Task brief
Each entry below is to be given again word for word, with no pictures.

Information supplied
Start of Block

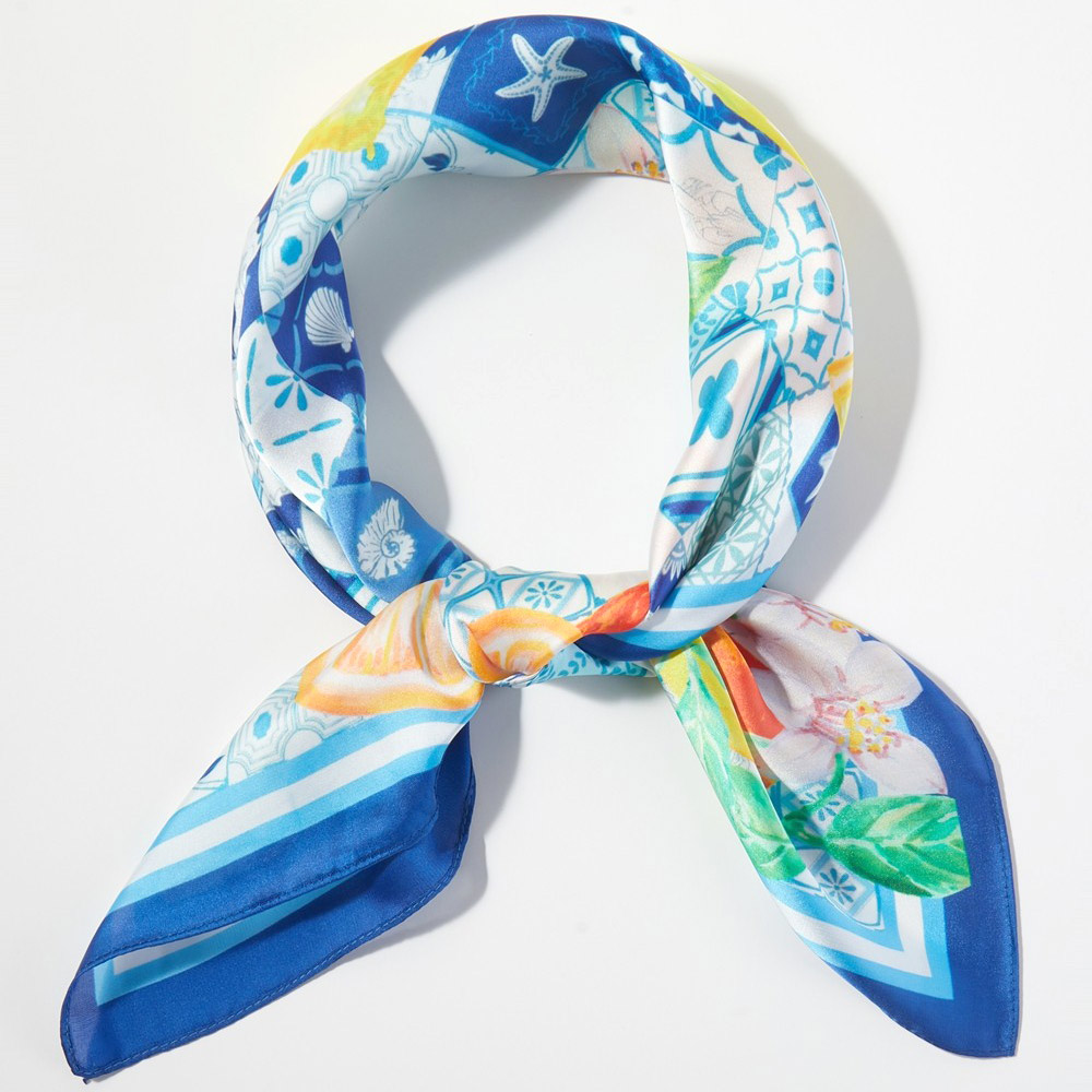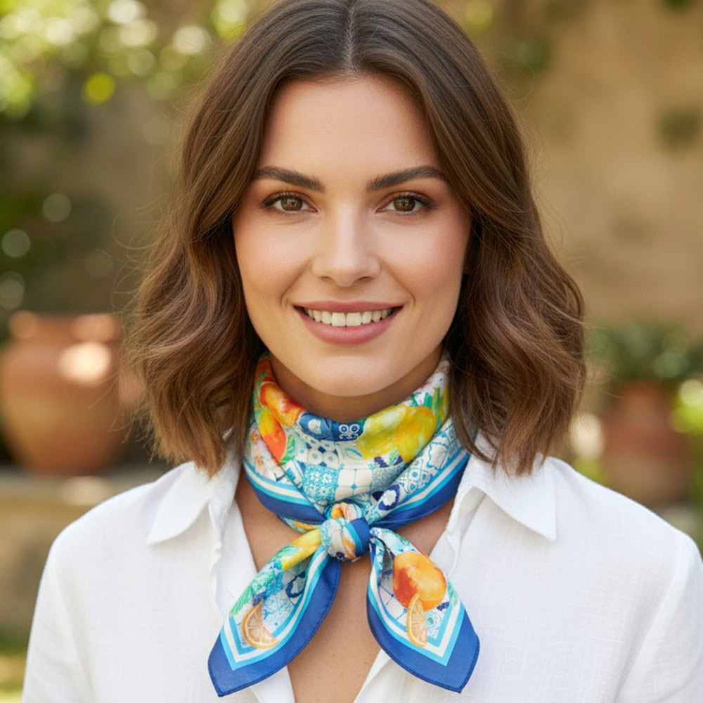• Eye-catching square fashion scarf featuring a lively citrus fruit and botanical motif with decorative tile-inspired detailing. Designed for versatile styling on the neck, hair, wrist, or handbag. A statement accessory perfect for boutique collections, resort themes, and everyday outfit layering.
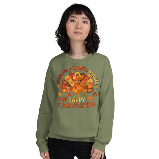Thankful, Grateful and Blessed Happy Thanksgiving Unisex Sweatshirt
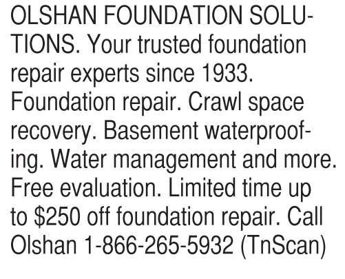 OLSHAN FOUNDATION SOLU- TIONS. Your trusted foundation repair experts since 1933. Foundation repair. Crawl space recovery. Basement waterproofing. Water management and more. Free evaluation. Limited time up to $250 off foundation repair. Call Olshan 1-866-265-5932 (TnScan)
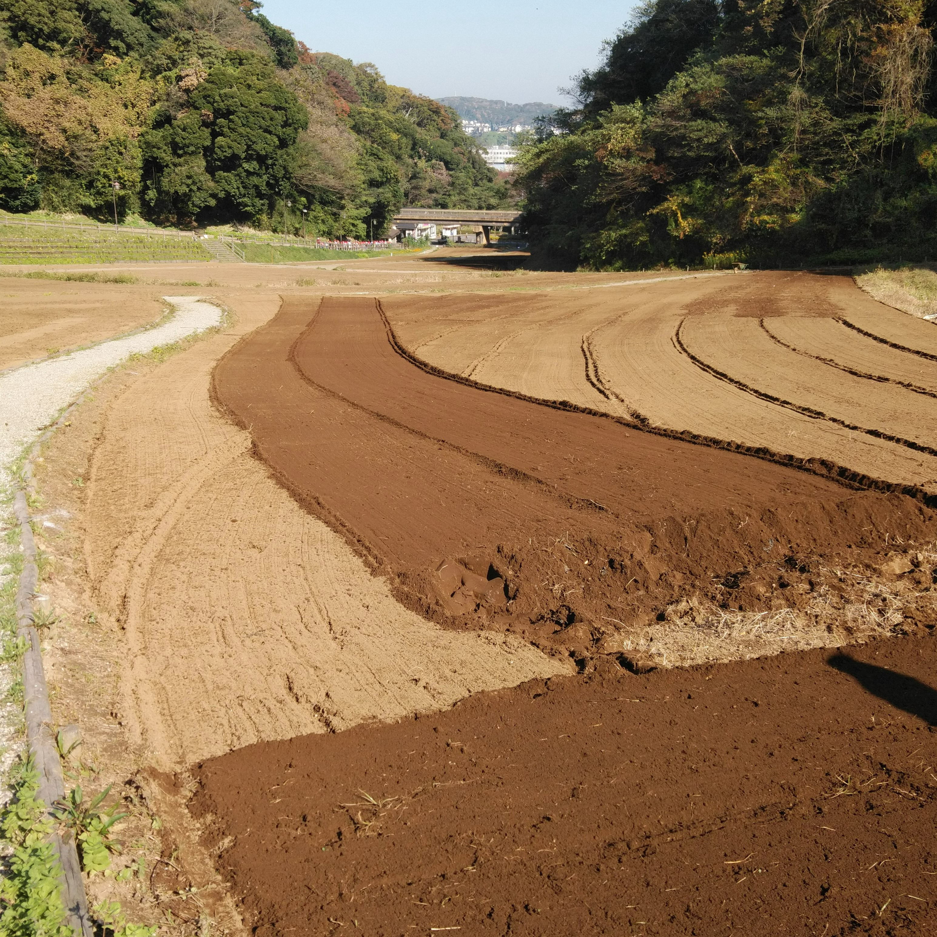 ●土壌作り 大規模花壇ではトラクターによる機械による耕耘作業のあとは、人力による 播種、除草を行い、花を育てています 。
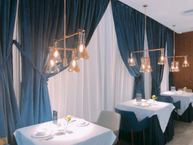 密室的大門,區(qū)隔開的完全是兩種不同的風格。實驗室風格VS LOFT風,密室玩的是神秘的科學實驗室氛圍,大堂則是完全敞亮通透的空間,整體以大叔紳士藍、玫瑰金為主色調,線條利落的天花板吊頂,吊燈暖暖的光線投射在擺放講究的餐具上,浪漫又小資,再搭配大理石紋水泥地磚、木紋墻藝等,讓整個空間保持和諧統(tǒng)一的氛圍,又展現(xiàn)出豐富的層次感。廚房直接采用明檔的空間設計,衛(wèi)生情況一目了然,除了大堂,還設有特色VIP室和半透明宴會廳,適合有重要會談和生日宴會需求的朋友。

End of Block

Answer to this exercise
• Eye-catching square fashion scarf featuring a lively citrus fruit and botanical motif with decorative tile-inspired detailing. Designed for versatile styling on the neck, hair, wrist, or handbag. A statement accessory perfect for boutique collections, resort themes, and everyday outfit layering.
Thankful, Grateful and Blessed Happy Thanksgiving Unisex Sweatshirt
 OLSHAN FOUNDATION SOLU- TIONS. Your trusted foundation repair experts since 1933. Foundation repair. Crawl space recovery. Basement waterproofing. Water management and more. Free evaluation. Limited time up to $250 off foundation repair. Call Olshan 1-866-265-5932 (TnScan)
 ●土壌作り 大規模花壇ではトラクターによる機械による耕耘作業のあとは、人力による 播種、除草を行い、花を育てています 。
 密室的大門,區(qū)隔開的完全是兩種不同的風格。實驗室風格VS LOFT風,密室玩的是神秘的科學實驗室氛圍,大堂則是完全敞亮通透的空間,整體以大叔紳士藍、玫瑰金為主色調,線條利落的天花板吊頂,吊燈暖暖的光線投射在擺放講究的餐具上,浪漫又小資,再搭配大理石紋水泥地磚、木紋墻藝等,讓整個空間保持和諧統(tǒng)一的氛圍,又展現(xiàn)出豐富的層次感。廚房直接采用明檔的空間設計,衛(wèi)生情況一目了然,除了大堂,還設有特色VIP室和半透明宴會廳,適合有重要會談和生日宴會需求的朋友。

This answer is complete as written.